From: Tom Lane <tgl(at)sss(dot)pgh(dot)pa(dot)us>
To: Peter Geoghegan <pg(at)heroku(dot)com>
Cc: Pg Hackers <pgsql-hackers(at)postgresql(dot)org>
Subject: Re: Revisiting pg_stat_statements and IN() (Was: Re: pg_stat_statements fingerprinting logic and ArrayExpr)
Date: 2015-11-24 19:29:53
Message-ID: 27217.1448393393@sss.pgh.pa.us
Views: Raw Message | Whole Thread | Download mbox | Resend email
Thread:
Lists: pgsql-hackers

Peter Geoghegan <pg(at)heroku(dot)com> writes:
> On Tue, Dec 10, 2013 at 1:30 AM, Peter Geoghegan <pg(at)heroku(dot)com> wrote:
>> pg_stat_statements' fingerprinting logic considers the following two
>> statements as distinct:
>>
>> select 1 in (1, 2, 3);
>> select 1 in (1, 2, 3, 4);
>>
>> This is because the ArrayExpr jumble case jumbles any ArrayExpr's list
>> of elements recursively. In this case it's a list of Const nodes, and
>> the fingerprinting logic jumbles those nodes indifferently.
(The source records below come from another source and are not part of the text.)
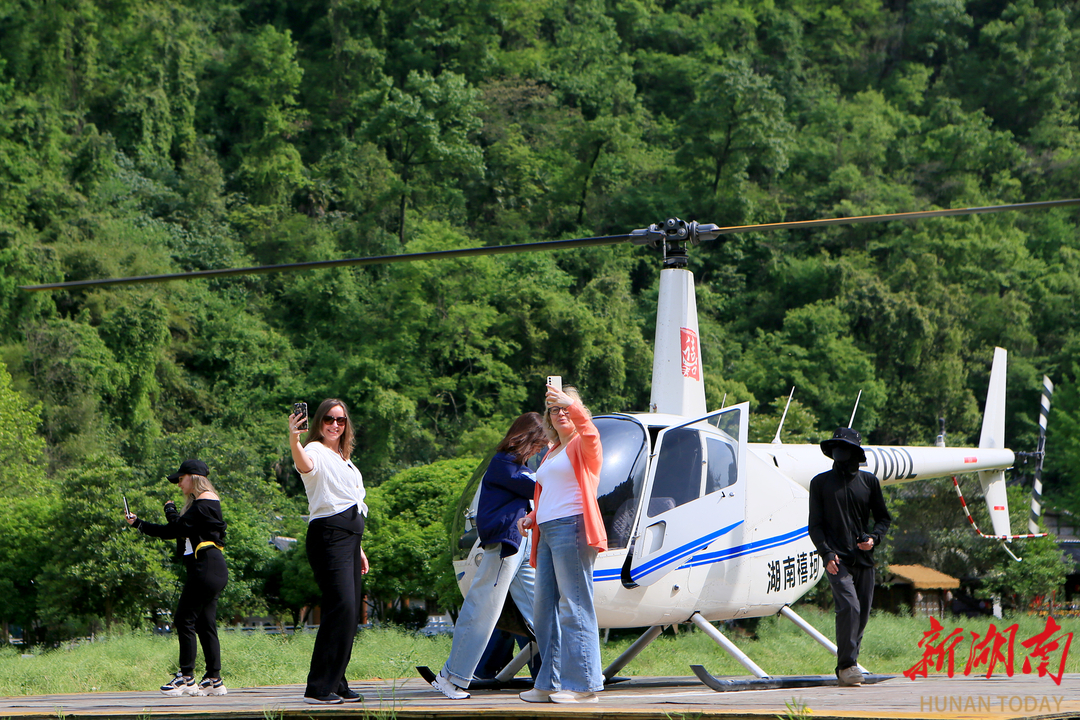 Stepping off the helicopter, the Russian tourists could hardly contain their excitement, repeatedly marveling at the stunning spring scenery of Zhangjiajie. "Lush mountains and lucid waters, along with villages and farmland, are flashing before my eyes—it is like a landscape painting slowly unfolding!" a Russian female tourist shared with Ms. Wang, the tour guide of the group. The Russian tourist added, "The in-depth exploration on the ground and the expansive views from the air gave me a more comprehensive appreciation of Zhangjiajie's scenery and deepened my love for this place."
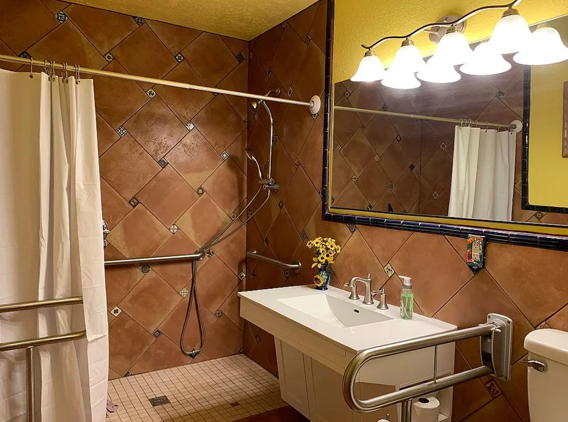One of the standout features is a fully equipped handicapped-accessible suite, complete with a roll-in shower, private kitchenette, and separate entrance offering independence and comfort for aging parents or loved ones with mobility needs.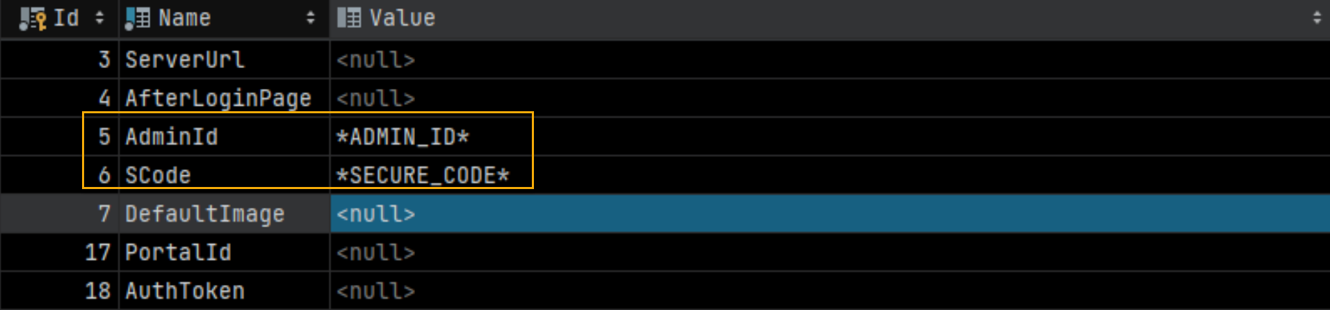 Let's assume that for the Preshop portal, the Admin ID and S-code values are available in the Settings of the Preshop database.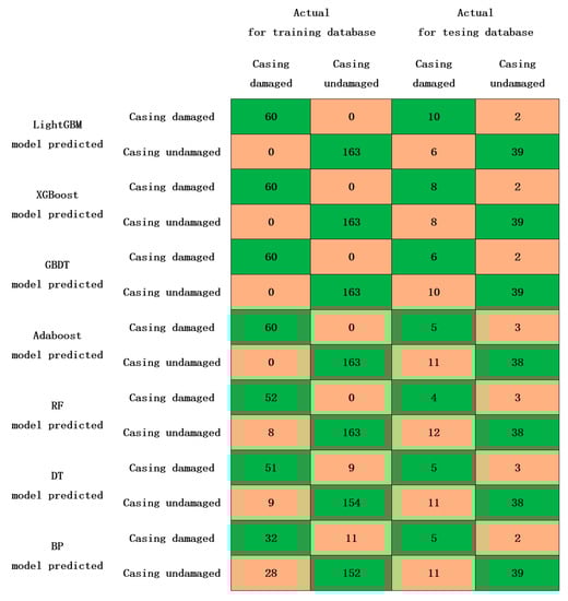 As noted above, the probability prediction results are a binary classification. If the value is greater than 0.5, the output is 1, indicating possible casing damage, and if the value is less than or equal to 0.5, the output is 0, indicating no failure. Figure 11 quantitatively depicts the classification output of the different models as a confusion matrix. Figure 10 and Figure 11 show that the results of the different algorithms vary appreciably, but there is a common trend that the accuracy of identifying undamaged wells is higher than the accuracy of identifying damaged wells. It is assumed that this result is mainly due to the relatively small number of sample data for wells having casing failure.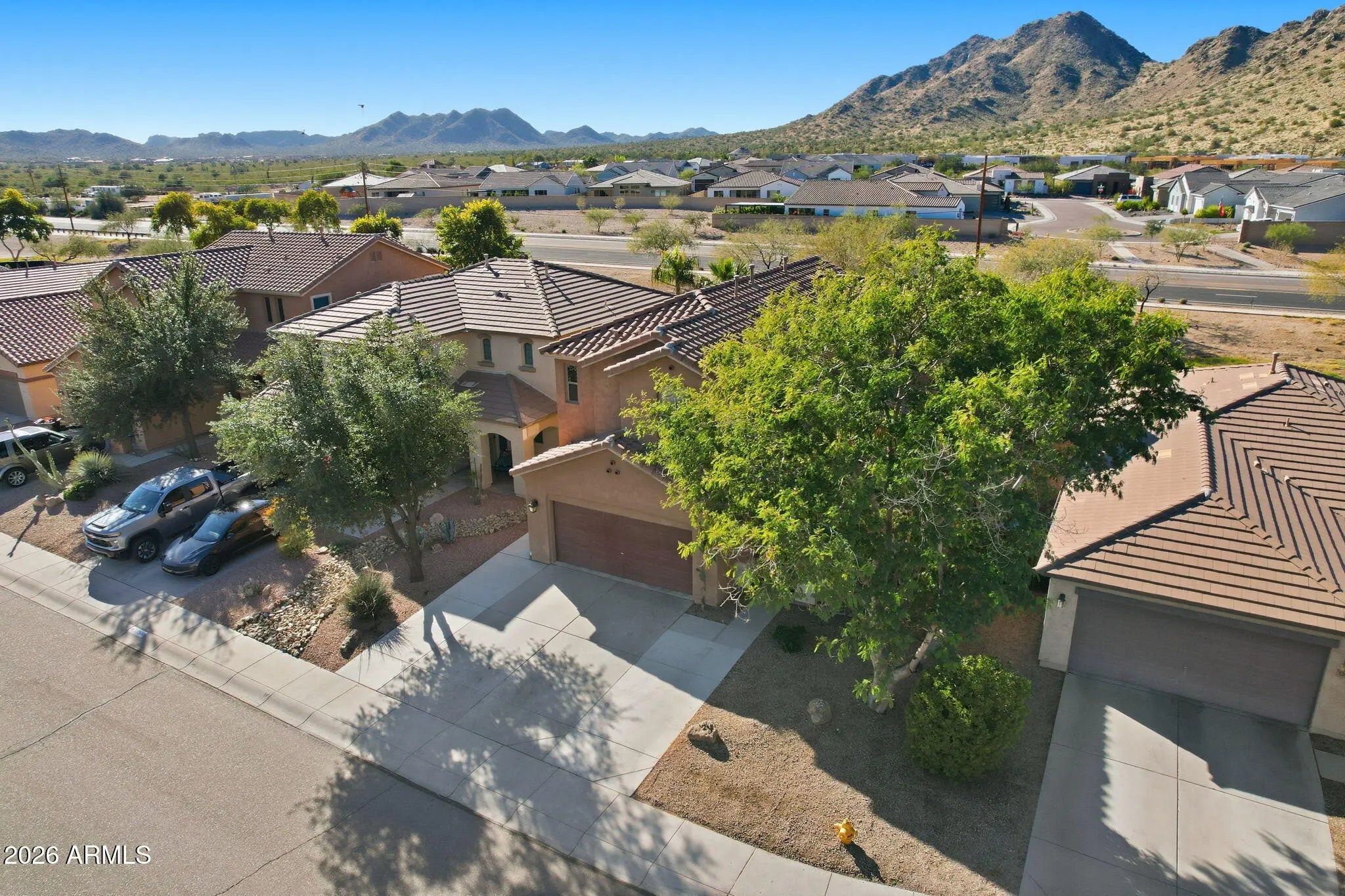 Enjoy San Tan Mountain views the moment you arrive at this well-designed San Tan Valley home. An extended driveway provides extra parking, and mature trees frame a welcoming front patio. Inside, the layout offers two living areas, a spacious kitchen with island and pantry, plus a downstairs den and half bath. All bedrooms are upstairs, including a large primary suite with dual vanities, a soaking tub, separate shower, and walk-in closet. Secondary bedrooms share a dual-sink shared bath, and the upstairs laundry adds everyday convenience. The backyard features a covered patio, extended concrete, artificial turf, and space for a gazebo-perfect for relaxing and enjoying sunset mountain views. Located minutes from San Tan Mountain Regional Park, with access to a resort-style community offering a pool, fitness center, walking paths, playgrounds, and sports courts.

I think this is a vastly oversimplified explanation of the problem.
In particular, because the planner will flatten an ArrayExpr containing
only Const nodes to an array constant (see eval_const_expressions),
I don't believe the case ever arises in exactly the form you posit here.

A portion of the problem is possibly due to the heuristics in
parse_expr.c's transformAExprIn():

* We try to generate a ScalarArrayOpExpr from IN/NOT IN, but this is only
* possible if there is a suitable array type available. If not, we fall
* back to a boolean condition tree with multiple copies of the lefthand
* expression. Also, any IN-list items that contain Vars are handled as
* separate boolean conditions, because that gives the planner more scope
* for optimization on such clauses.

If the original text actually involves a variable number of Vars, then you
will end up with a boolean expression with a varying number of OR arms,
even if the Vars later get flattened to constants. However, it's not
clear to me that anyone would expect such cases to be treated as
identical. Another possibility is a type clash, for example
"x IN (42, 44.1)" will end up as a boolean tree for lack of a common
type for the would-be array elements. That case might possibly be an
issue in practice.

But what seems more likely to be annoying people is cases in which the
original text contains a varying number of Param markers. Those might or
might not get folded to constants during planning depending on context,
so that they might or might not look different to pg_stat_statements.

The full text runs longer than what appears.